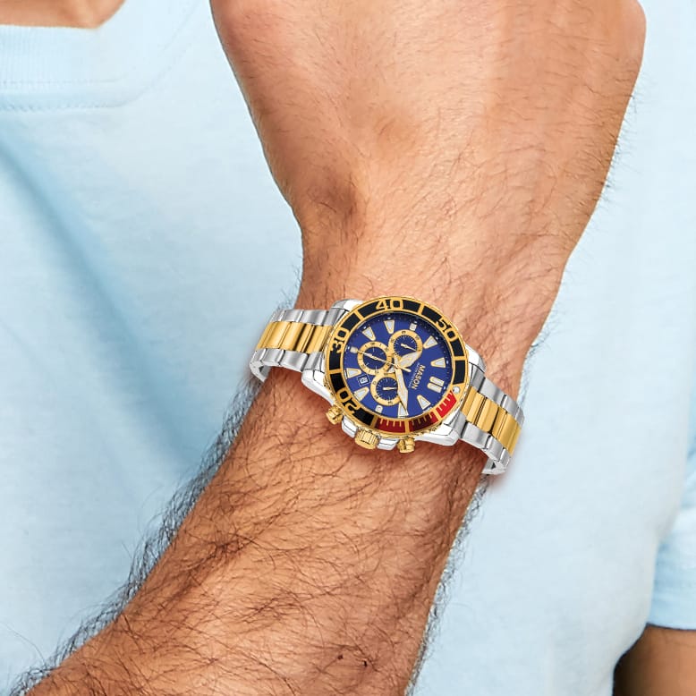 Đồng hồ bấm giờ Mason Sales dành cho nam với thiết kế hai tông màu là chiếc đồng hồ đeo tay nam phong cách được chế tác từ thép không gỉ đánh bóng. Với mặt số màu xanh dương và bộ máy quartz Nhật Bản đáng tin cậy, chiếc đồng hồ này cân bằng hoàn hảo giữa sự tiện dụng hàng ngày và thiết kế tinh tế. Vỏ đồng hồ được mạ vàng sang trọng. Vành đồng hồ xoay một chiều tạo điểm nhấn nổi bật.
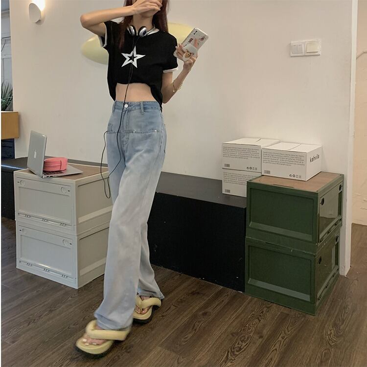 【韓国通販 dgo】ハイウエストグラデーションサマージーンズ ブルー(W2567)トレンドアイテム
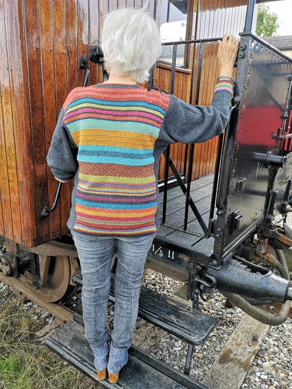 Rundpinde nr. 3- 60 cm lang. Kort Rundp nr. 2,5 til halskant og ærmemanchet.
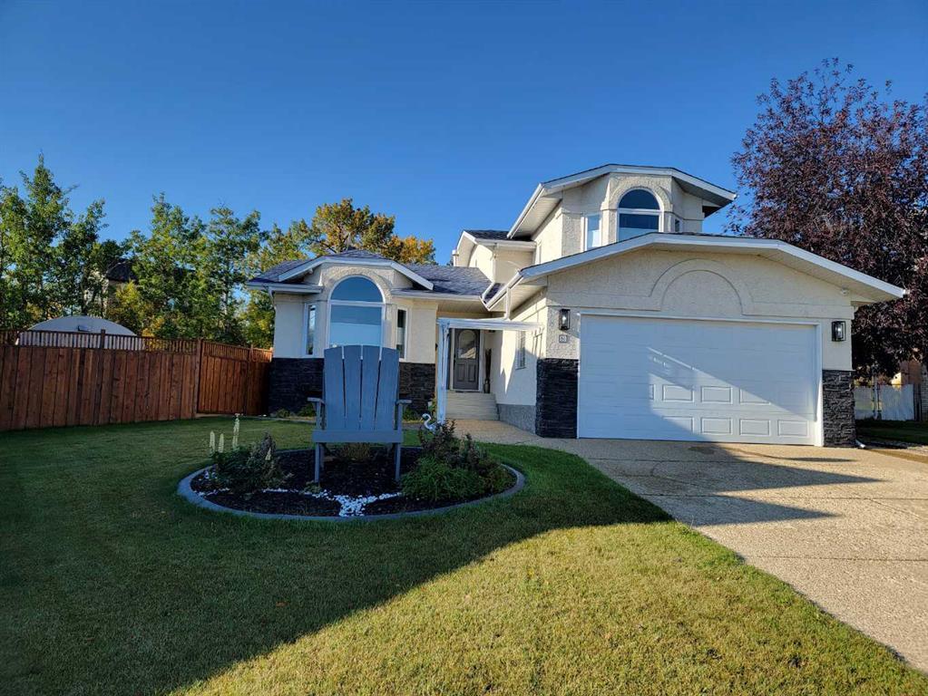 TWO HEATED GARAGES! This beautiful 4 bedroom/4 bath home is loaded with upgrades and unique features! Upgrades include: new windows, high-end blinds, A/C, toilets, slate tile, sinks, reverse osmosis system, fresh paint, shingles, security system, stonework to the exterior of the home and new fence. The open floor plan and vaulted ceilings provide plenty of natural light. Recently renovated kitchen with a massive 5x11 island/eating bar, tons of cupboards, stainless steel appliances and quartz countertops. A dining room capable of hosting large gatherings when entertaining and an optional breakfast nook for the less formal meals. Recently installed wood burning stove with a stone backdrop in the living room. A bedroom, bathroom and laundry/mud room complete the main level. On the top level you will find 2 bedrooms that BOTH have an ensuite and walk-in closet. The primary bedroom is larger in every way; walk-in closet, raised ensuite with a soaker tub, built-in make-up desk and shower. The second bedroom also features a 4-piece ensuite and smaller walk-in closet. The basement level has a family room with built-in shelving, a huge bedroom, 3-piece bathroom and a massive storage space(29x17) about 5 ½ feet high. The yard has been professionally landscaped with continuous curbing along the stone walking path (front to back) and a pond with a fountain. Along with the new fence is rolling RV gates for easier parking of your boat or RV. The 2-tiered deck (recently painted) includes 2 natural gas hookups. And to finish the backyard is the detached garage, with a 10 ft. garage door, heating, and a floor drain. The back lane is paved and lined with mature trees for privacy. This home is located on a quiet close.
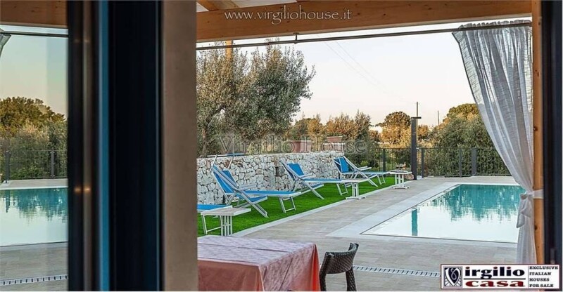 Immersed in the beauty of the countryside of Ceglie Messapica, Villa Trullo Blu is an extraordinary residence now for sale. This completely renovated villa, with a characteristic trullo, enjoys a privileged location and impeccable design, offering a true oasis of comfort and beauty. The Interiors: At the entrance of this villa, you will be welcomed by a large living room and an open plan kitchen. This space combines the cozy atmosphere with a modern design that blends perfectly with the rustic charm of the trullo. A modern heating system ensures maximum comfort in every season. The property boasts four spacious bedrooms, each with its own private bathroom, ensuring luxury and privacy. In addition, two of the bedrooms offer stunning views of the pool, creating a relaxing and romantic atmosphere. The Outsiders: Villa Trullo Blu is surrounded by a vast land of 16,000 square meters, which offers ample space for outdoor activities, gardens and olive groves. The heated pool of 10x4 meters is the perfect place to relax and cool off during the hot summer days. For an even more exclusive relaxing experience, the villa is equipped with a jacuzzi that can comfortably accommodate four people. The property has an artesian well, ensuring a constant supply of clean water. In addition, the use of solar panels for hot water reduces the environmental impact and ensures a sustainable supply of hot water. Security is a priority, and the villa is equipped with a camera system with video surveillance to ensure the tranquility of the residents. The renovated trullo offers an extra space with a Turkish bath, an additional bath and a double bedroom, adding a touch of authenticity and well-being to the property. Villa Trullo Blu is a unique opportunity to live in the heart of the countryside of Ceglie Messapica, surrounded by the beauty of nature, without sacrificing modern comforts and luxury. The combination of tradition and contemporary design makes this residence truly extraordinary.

→ Task to complete: Restate the records word for word, omitting images.

→ Output:
 Đồng hồ bấm giờ Mason Sales dành cho nam với thiết kế hai tông màu là chiếc đồng hồ đeo tay nam phong cách được chế tác từ thép không gỉ đánh bóng. Với mặt số màu xanh dương và bộ máy quartz Nhật Bản đáng tin cậy, chiếc đồng hồ này cân bằng hoàn hảo giữa sự tiện dụng hàng ngày và thiết kế tinh tế. Vỏ đồng hồ được mạ vàng sang trọng. Vành đồng hồ xoay một chiều tạo điểm nhấn nổi bật.
 【韓国通販 dgo】ハイウエストグラデーションサマージーンズ ブルー(W2567)トレンドアイテム
 Rundpinde nr. 3- 60 cm lang. Kort Rundp nr. 2,5 til halskant og ærmemanchet.
 TWO HEATED GARAGES! This beautiful 4 bedroom/4 bath home is loaded with upgrades and unique features! Upgrades include: new windows, high-end blinds, A/C, toilets, slate tile, sinks, reverse osmosis system, fresh paint, shingles, security system, stonework to the exterior of the home and new fence. The open floor plan and vaulted ceilings provide plenty of natural light. Recently renovated kitchen with a massive 5x11 island/eating bar, tons of cupboards, stainless steel appliances and quartz countertops. A dining room capable of hosting large gatherings when entertaining and an optional breakfast nook for the less formal meals. Recently installed wood burning stove with a stone backdrop in the living room. A bedroom, bathroom and laundry/mud room complete the main level. On the top level you will find 2 bedrooms that BOTH have an ensuite and walk-in closet. The primary bedroom is larger in every way; walk-in closet, raised ensuite with a soaker tub, built-in make-up desk and shower. The second bedroom also features a 4-piece ensuite and smaller walk-in closet. The basement level has a family room with built-in shelving, a huge bedroom, 3-piece bathroom and a massive storage space(29x17) about 5 ½ feet high. The yard has been professionally landscaped with continuous curbing along the stone walking path (front to back) and a pond with a fountain. Along with the new fence is rolling RV gates for easier parking of your boat or RV. The 2-tiered deck (recently painted) includes 2 natural gas hookups. And to finish the backyard is the detached garage, with a 10 ft. garage door, heating, and a floor drain. The back lane is paved and lined with mature trees for privacy. This home is located on a quiet close.
 Immersed in the beauty of the countryside of Ceglie Messapica, Villa Trullo Blu is an extraordinary residence now for sale. This completely renovated villa, with a characteristic trullo, enjoys a privileged location and impeccable design, offering a true oasis of comfort and beauty. The Interiors: At the entrance of this villa, you will be welcomed by a large living room and an open plan kitchen. This space combines the cozy atmosphere with a modern design that blends perfectly with the rustic charm of the trullo. A modern heating system ensures maximum comfort in every season. The property boasts four spacious bedrooms, each with its own private bathroom, ensuring luxury and privacy. In addition, two of the bedrooms offer stunning views of the pool, creating a relaxing and romantic atmosphere. The Outsiders: Villa Trullo Blu is surrounded by a vast land of 16,000 square meters, which offers ample space for outdoor activities, gardens and olive groves. The heated pool of 10x4 meters is the perfect place to relax and cool off during the hot summer days. For an even more exclusive relaxing experience, the villa is equipped with a jacuzzi that can comfortably accommodate four people. The property has an artesian well, ensuring a constant supply of clean water. In addition, the use of solar panels for hot water reduces the environmental impact and ensures a sustainable supply of hot water. Security is a priority, and the villa is equipped with a camera system with video surveillance to ensure the tranquility of the residents. The renovated trullo offers an extra space with a Turkish bath, an additional bath and a double bedroom, adding a touch of authenticity and well-being to the property. Villa Trullo Blu is a unique opportunity to live in the heart of the countryside of Ceglie Messapica, surrounded by the beauty of nature, without sacrificing modern comforts and luxury. The combination of tradition and contemporary design makes this residence truly extraordinary.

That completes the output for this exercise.